This weekend, I was assigned the task of traveling to Barcelona on May 5 to interview the band and watch them on the current leg of their WorldWired tour. As good a time as any to break out the shorts and give my withered legs their first taste of vitamin D since 2018.

Over the years, I’ve watched Metallica perform in theatres, ice rinks, arenas and vast fields, both at home and overseas. But in a stadium? Never, not unless you count their appearance at the Freddie Mercury Tribute Concert for AIDS Awareness at the old Wembley Stadium in 1992. But that was on television.

Tonight’s show will be held at Estadi Olímpic Lluís Companys, a stadium set in a park on Montjuïc, a hill overlooking the gigantic port of Barcelona. Such a beautiful horizon, like a jewel in the sun.

Originally built in 1927 and intended for the city’s International Exposition two years later, the stadium hosted the 1992 Olympics, athletics meetings, rugby, football and many large scale concerts, including Muse, Coldplay, Beyoncé, U2, The Rolling Stones, The Police, Bruce Springsteen and Bon Jovi.

Metallica themselves have performed in this very venue in 1991 on a bill featuring AC/DC and Tesla. Here, 28 years later, the band are back, very much on their own terms.

A team of road crew and construction workers have been working around the clock to assemble the stage, backed by five gigantic screens, giving fans in the furthest reaches of the 60,000 capacity venue a chance to get up close and personal with the four-piece.

Outside, there are myriad trucks provided by British company Transam, who’ve served the live music industry for over 40 years. Flight cases are everywhere – one marked ‘Huge Balls’, another ‘More Balls’ – housing guitars, basses, drum heads and pretty much anything you can think of.

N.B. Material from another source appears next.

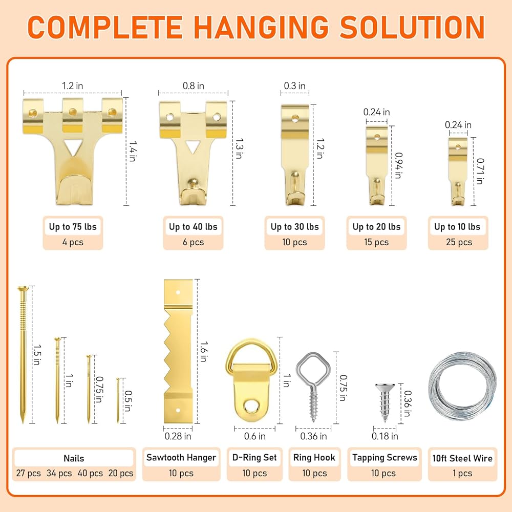 شامل ومتعدد الاستخدامات: تأتي مجموعة معلقة من 315 قطعة معلقة ، والمعروفة أيضًا باسم مجموعة معلقة على الحائط ، أو مجموعة معلقة إطار ، أو مجموعة معلقة إطار الصورة ، مع جميع الملحقات اللازمة ، بما في ذلك الخطافات والأسلاك والأظافر لصور معلقة وحلقات D ومستوى مغناطيسي ومطرقة ميني ميني مغناطيسية. سواء كنت ترغب في تعليق الأعمال الفنية أو الصور أو المرايا أو المفرطات أو الساعات ، فقد جعلتك هذه المجموعة مغطاة
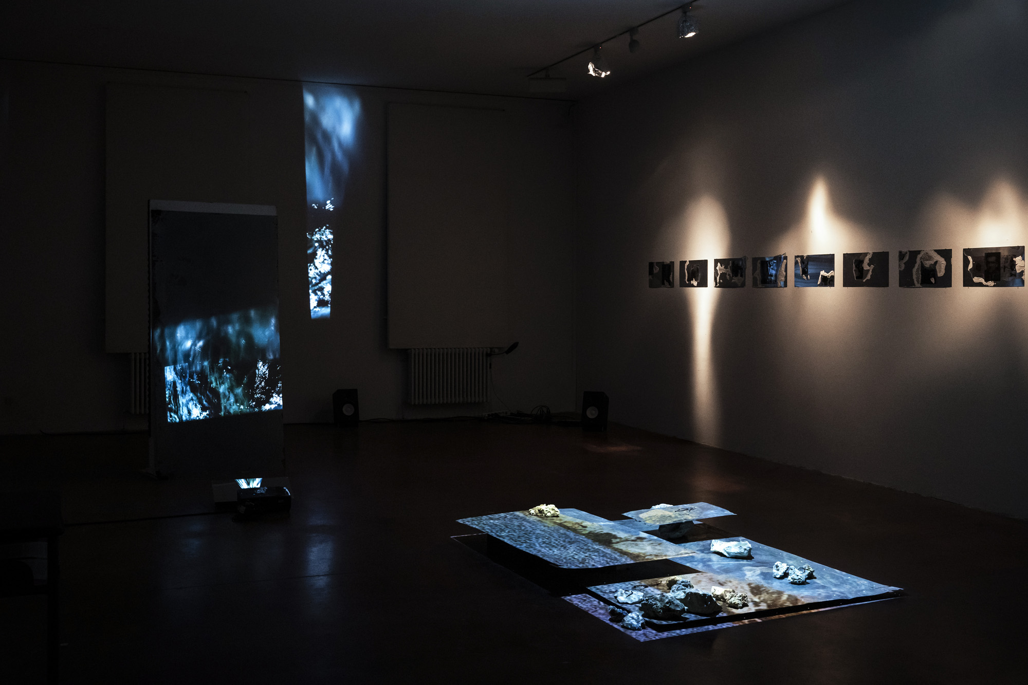 Die Künstlerin begann nach den Einzelschicksalen der Lagerinsassen zu recherchieren, über die Zwangsarbeit, zu denen sie gezwungen wurden, und über die Materialien, die sie zum Bauen verwendeten, ebenso wie über die Materialien, die sie umgaben. Die im Ausstellungsraum auf dem Boden schwebende, rostig, ockerfarbene, scharfkantige Oberfläche wird zur Projektionsfläche von kürzlich aufgenommenen, analogen 35-mm Filmen der Landschaft von Slana. Wie aus der Perspektive von Satellitenfotografie anmutend, gleiten die frontalen, vom Boot aus fotografierten Aufnahmen im Wechsel über die flache und felsige Formation. Aus ihrer Statik entzerrt, überlagern sich die Elemente. Wasser überzieht die von der Insel stammenden Gesteine. Auf der Suche nach materiellen Spuren der Vergangenheit, sind es die steinernen Zeugen, die von dem Verschwiegenen erzählen.

Outside, many fans begin to assemble in the early hours of the afternoon. It’s a sea of black metal shirts, battle vests and flags from across the world: Union flags, Polish flags, Chilean flags, Argentinian flags and Catalan’s distinctive yellow and red striped flag, named the Senyera. More often than not, they’ve been enhanced with Metallica’s iconic logo, the ‘Scary Guy’ doodle and messages to the band.

Later that afternoon, the main entrance gates are opened and fans pile down the yellow-edged concrete steps into the main auditorium in order to get to an optimum viewpoint.

Deep in the stadium’s main grandstand, it’s a hive of activity. People dart around, armed with walkie talkies and finalise arrangements for this evening’s entertainment.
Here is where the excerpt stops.